» **INSTRUCTIONS FOR THE TASK**:
Omit the pictures and output exactly the lines from the start of the entries through the line containing "1. kép. A magyar".

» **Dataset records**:
--- START ---
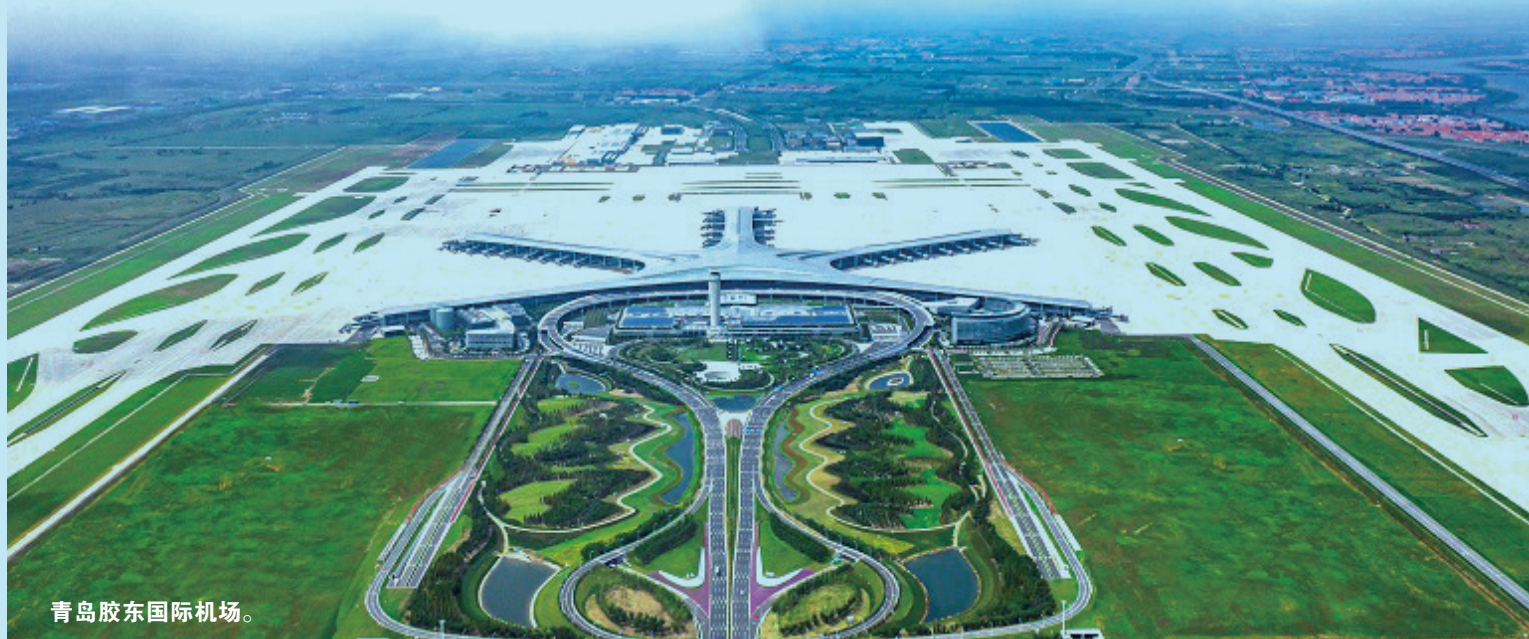
青島胶東国际机场。
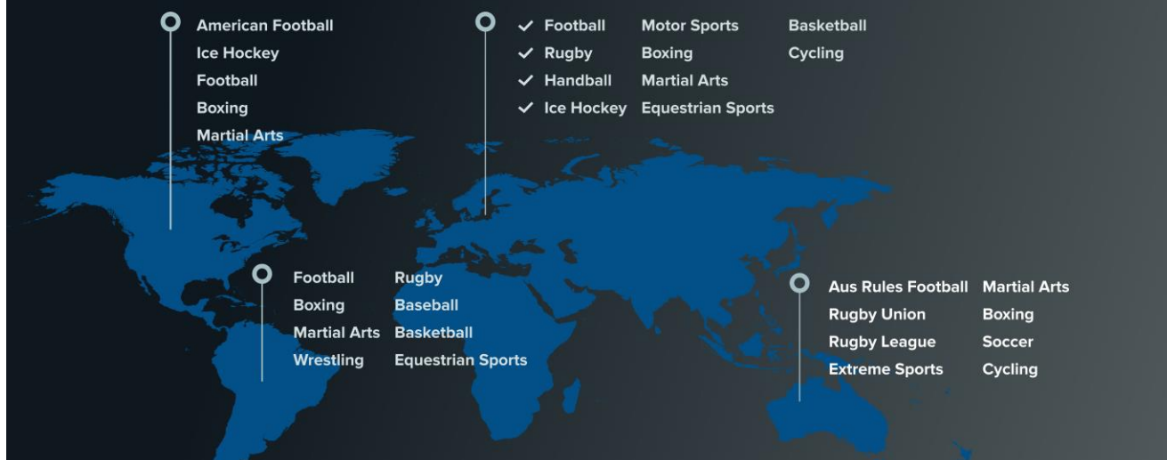
Bild B. Nuvarande och framtida marknadssegment för PolarCool och bolagets produkt PolarCap® System.
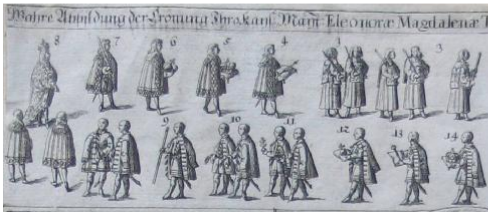
1. kép. A magyar koronázási jelvények Eleonóra Magdolna magyar királyné soproni koronázásán (1681. december 9.)

század vége felé készített, majd utólag többször átfestett – napjaikban az egykor kö-zépiskoláit Sopronban végzett Novák Krizosztom pannonhalmi főapátsága (1802–1828) idejéből származó, 1802-es évszámú, ám az 1850-es évek közepén szintén meg-újított – latin nyelvű díszes felirat emlékeztet. 80 Másrészt Kalmár Katalin házában (legfeljebb egy-két hétig); végül pedig III. Ferdinánd koronázásán a nevezetes négy ég-táj felé való uralkodói kardvágás helyszínén, a soproniak által – többek között az 1915-ben emelt emlékműnek köszönhetően – napjainkban is jól ismert Koronázó-dombon (németül Königsberg , kb. egy rövid órán át). E helyszínek mellett a történeti kutatásnak újabbakkal, a soproniaknak pedig eddig ismeretlen korona-emlékhelyek-vel érdemes számolniuk.
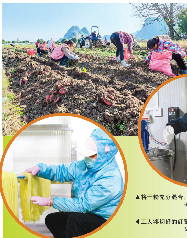
▲工人们在红薯地里忙碌着。崔丽娟 摄
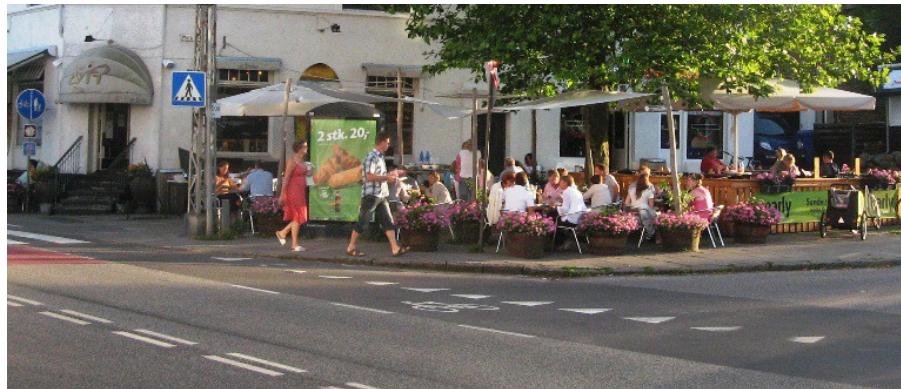
På pladsen foran Divino er der trængsel og stemning så snart vejret tillader det

Espergærde Byforening vil her i 2011 skabe fornyet politisk interesse for projektet, så de gode intentioner kan resultere i en begyndende planlægning og til afsættelse af de første økonomiske midler.
--- END ---
» **ANSWER SECTION**:
青島胶東国际机场。
Bild B. Nuvarande och framtida marknadssegment för PolarCool och bolagets produkt PolarCap® System.
1. kép. A magyar koronázási jelvények Eleonóra Magdolna magyar királyné soproni koronázásán (1681. december 9.)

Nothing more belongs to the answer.